| WHAT TO PRODUCE |
A word-for-word copy of the entries, with images excluded, is the expected answer.

=== Begin Enclosure ===

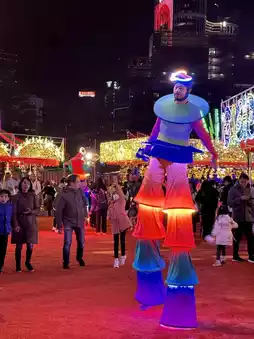 There are several cooked food stalls, and many photo spots📸️ circus performers perform, the atmosphere is great! ️🎄
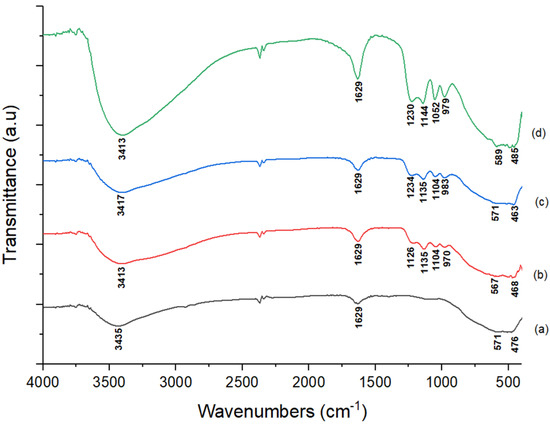 FTIR spectra of (a) TS0, (b) TS1, (c) TS2, and (d) TS3.
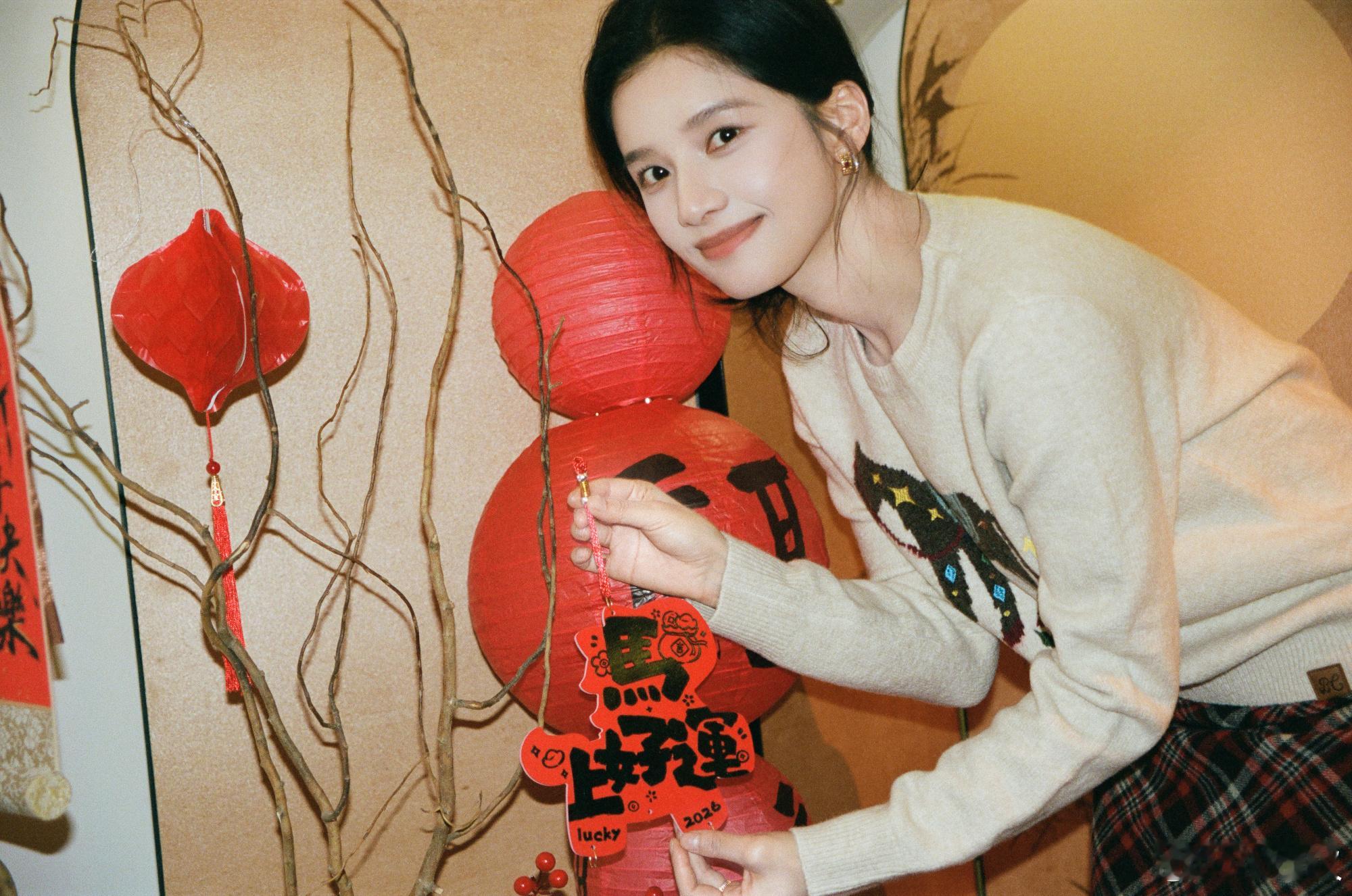 张婧仪福气小子来到捕捉到一只春节限定版新年ccd照片好有感觉,红围巾配温柔笑颜,连修勾都跟着沾喜气2026,和婧仪一起红红火火!
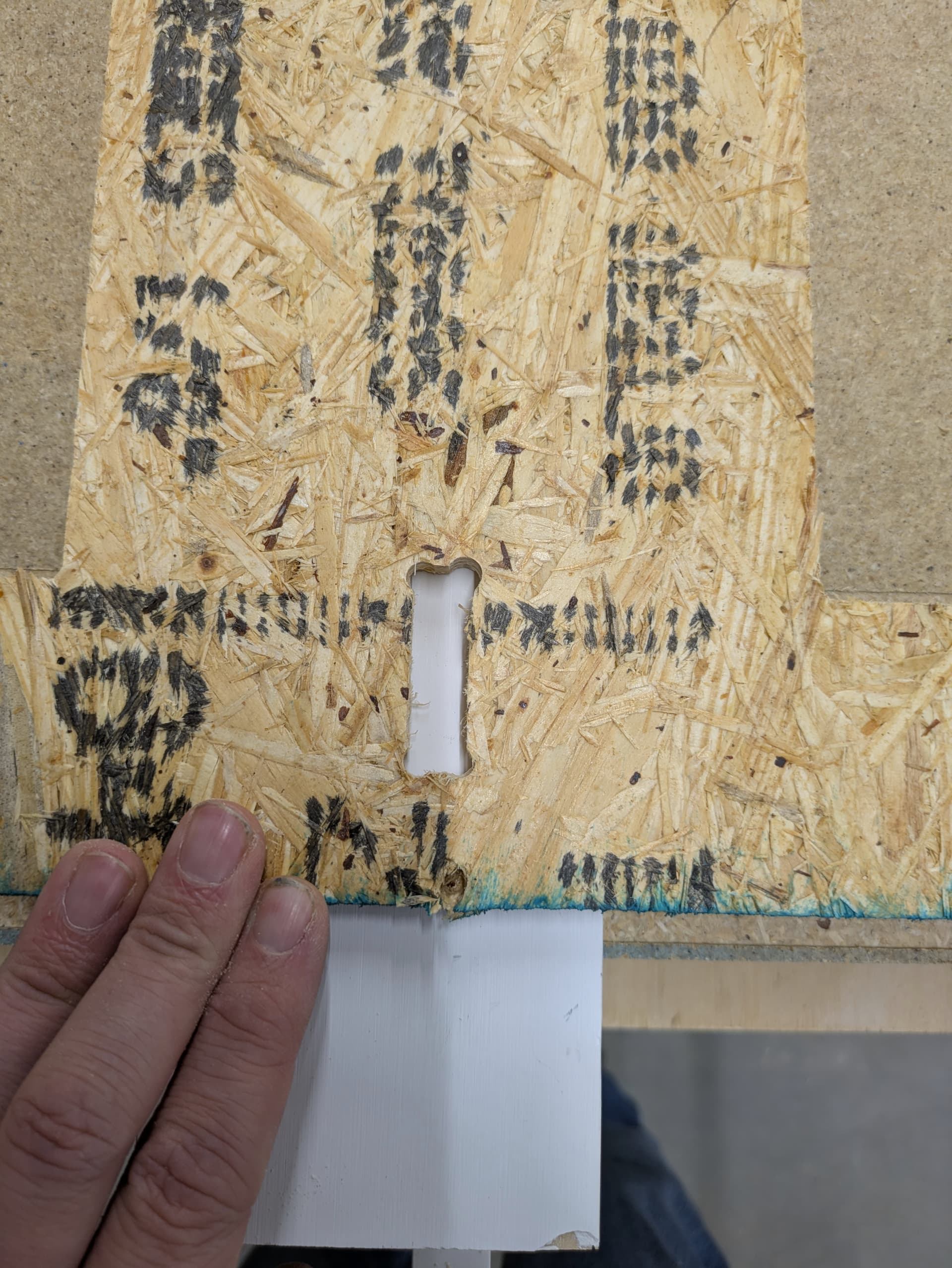 So first the good news - I didn’t blow up an end mill yet and I have something that almost resembles a finished part, as long as you don’t look at the far end. I did quite a few test cuts at the other end of this sheet and then let the piece finish. The ends didn’t quite line up (you can see the uncut factory edge closest to the camera) to be cut but it doesn’t matter, this was my first real full size cuts and was all testing.
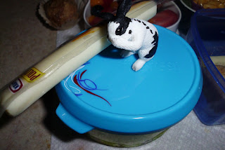 Little Lady's snack: Fruit salad, cheese stick and a mini muffin.

=== End Enclosure ===

| YOUR RESPONSE |
 There are several cooked food stalls, and many photo spots📸️ circus performers perform, the atmosphere is great! ️🎄
 FTIR spectra of (a) TS0, (b) TS1, (c) TS2, and (d) TS3.
 张婧仪福气小子来到捕捉到一只春节限定版新年ccd照片好有感觉,红围巾配温柔笑颜,连修勾都跟着沾喜气2026,和婧仪一起红红火火!
 So first the good news - I didn’t blow up an end mill yet and I have something that almost resembles a finished part, as long as you don’t look at the far end. I did quite a few test cuts at the other end of this sheet and then let the piece finish. The ends didn’t quite line up (you can see the uncut factory edge closest to the camera) to be cut but it doesn’t matter, this was my first real full size cuts and was all testing.
 Little Lady's snack: Fruit salad, cheese stick and a mini muffin.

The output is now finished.